# 1-year-old juniper bushes turning brown



## proofer (Jan 20, 2008)

I've had these 4-foot-tall decorative juniper bushes (spirea, "poodle," etc.) in the ground for over a year now and they've done well. However, they're just now turning brown. They're planted in soil/clay, with the black fabric to keep weeds at bay over top of that, and then we have the red lava rocks over that. They've done fine, but it now looks like we're going to lose them. We're in Ohio where for the first 3 weeks in May, we had lots of rain either every day or every other day. Could too much rain in that 3-week period make them turn brown?
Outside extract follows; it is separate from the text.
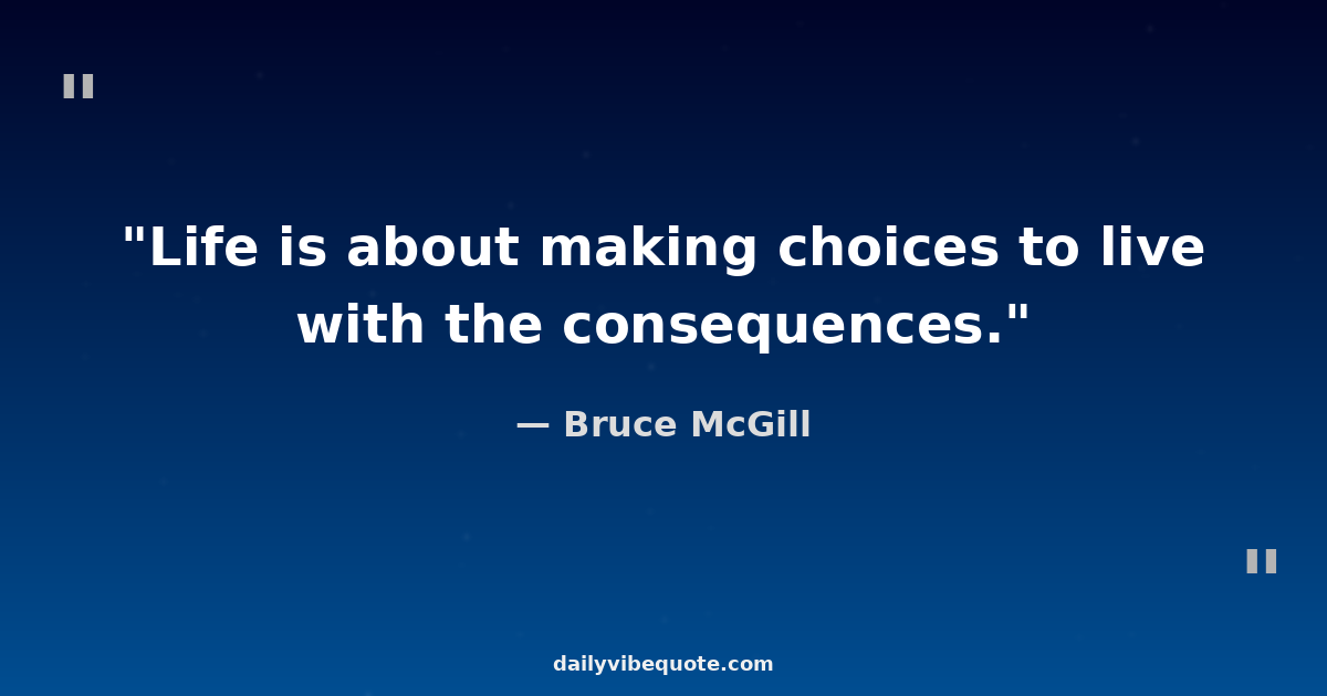 "Life is about making choices to live with the consequences."
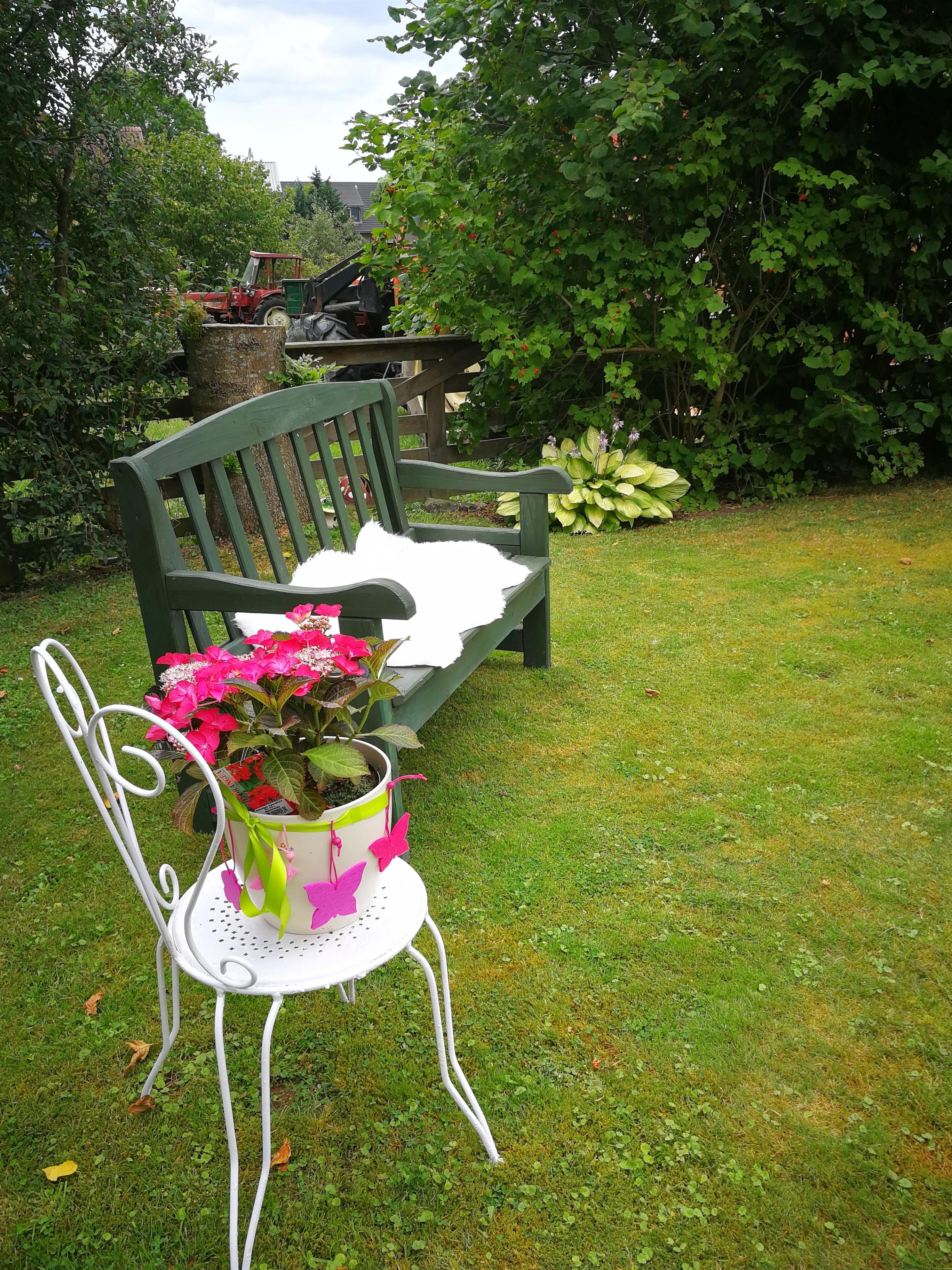 Platz findet ihr auch im großen Garten mit Klönschnackbank, Liegewiese und Gartenmöbeln zum relaxen.

It's got us stumped since they've been in the ground for over a year without a problem.


----------



## Stillwerkin (Nov 24, 2008)

SInce it happened so quickly, I'll hazard a guess, and say the roots are drowning. 
The rest of the lawn is probably hard-pack, and the plants are sitting in little clay bowls of water.
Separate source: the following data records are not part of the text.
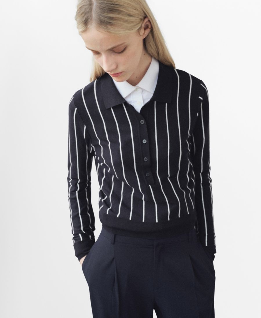 Яркий узор на полосатом свитере с высоким воротником от Mango - универсальный вариант для многослойной одежды. Изготовленный из смесовой шерстяной ткани, этот полосатый свитер имеет прямой крой, высокий воротник-поло с застежкой на пуговицы и длинные рукава.
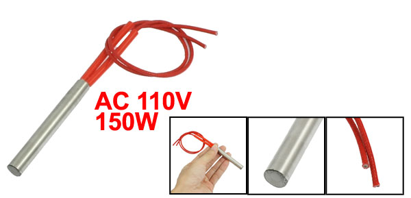 Product Name Cartridge Heater Material Stainless Steel, PVC, Nylon Rated Voltage AC 110V Power 150W Heater Size (Approx.) 9.5 x 70mm / 0.37" x 2.8" (D * L ) Wire Length (Approx.) 25.5cm / 10" Color Silver Tone, Red Weight 26g Package Content 1 x Cartridge Heater - Reviews
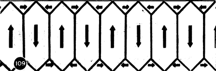 Рис.7. Тепловое движение приводит спины атомов в беспорядочное расположение, и парамагнитные свойства вещества обычно не проявляются (рис. 7 слева). Но если поместить такое вещество во внешнее магнитное поле, то спины атомов в результате прецессии ориентируются приблизительно вдоль линий индукции внешнего магнитного поля (как гироскоп вдоль меридиана) и вещество проявляет свойства парамагнетика (рис. 7 справа). Особую группу составляет небольшой класс веществ — ферромагнетики, названные по их главному представителю — железу. По современной теории кристалл железа состоит из отдельных микроскопических областей (доменов), в каждой из которых спины атомов уже расположены (без участия внешнего поля) в направлении кристаллических осей (вспомните анизотропию кристаллов). В ненамагниченном железе домены ориентированы так, что суммарное магнитное поле их равно нулю (рис. 8).
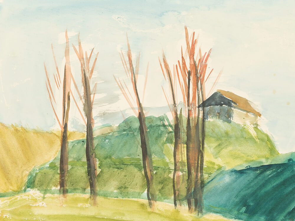Rudolf Petrik, House on the Hill, Watercolor, Austria, c. 1950

You might try digging a trench around them, or a lower on one side to help the water leave. Backfill with very sandy dirt.

If it happened over a period of time, then I'd suspect a nitrogen/other deficiency.


----------



## Bigfoot (May 10, 2009)

Most of the Junipers I've seen that do well are slightly above grade. Either planted on a small mound or next to a foundation or driveway, someplace the amount of water is reduced and/or there is a good runoff.
I've had good luck growing plants that prefer slopes by planting them above grade in decorative stone (colored cement, typically around 2 feet across and 18 inches high, stacked two high with the bottom ring slightly buried for stability) rings. The roots eventually grow through the bottom of the rings, but after they are well established.
Once Junipers are established, they are in my experience almost bullet proof. Though there is a (recently imported) blight that attacks some bushes (actually many varieties of evergreen/Juniper relatives), they are doomed and need to be pulled and destroyed.
I'd try planting in a humus rich soil above grade. Maybe trim the root ends and chop the top foot off of the plants. There may be enough life left in the roots for them to come back again. Junipers are slow growing, so the results are long term.
They seem to do best in a near nuetral PH, dog urine, excessive nitrates or calcifiers can cause them grief.
I recently lost two beutiful 50 year old Juniper trees to blight. Many of the nieghbors have lost Juniper hedges.


----------



## proofer (Jan 20, 2008)

I built a small mound of soil around each of the affected junipers. Not all were affected---I'd say only about half of them (and they're not side by side either). I'll check into the nitrogen-deficient thing. Would individual fertilizer sticks beside each one do the trick?


----------



## Bigfoot (May 10, 2009)

Most evergreens (Conifers) like nitrates, though I've had better results with a top layer of good compost with a little nitrate (mix) fertilizer thrown in. I throw my fireplace ash into my compost, it tends to be a little PH base.
Over doing the nitrate fertilizer can mess with the soil PH, Junipers tend to prefer the mid range, not too nitrate acidic or calcium base.
Junipers are slow growers, when fertilizing the results can be long term. They seem to do well in poor soil, but occasional top layers (shallow raking if at all) of compost seems to perk them up some. I rarely fertilize anything anymore, I use compost and supplement it with a nitrate/iron lawn mix fertilizer in minor quantities ( quarter/half a handful for a wheel borrow full of compost).
I've had pretty good luck moving Junipers, even rather large ones. Early in the year is the best time, around Easter. Though it may still work out for you.
If it is blight, be prepared, they are likely to die. I noticed another dead Juniper hedge this morning on my way to work. The blight seems to hopscotch, some hedges totally destroyed, some just in spots, some not affected at all.


----------



## proofer (Jan 20, 2008)

Yesterday I stuck a fertilizer stick by each of the ones turning brown. I think the box said that these sticks are 15% nitrate. I'll wait and see if that turns things around. I appreciate your advice.


----------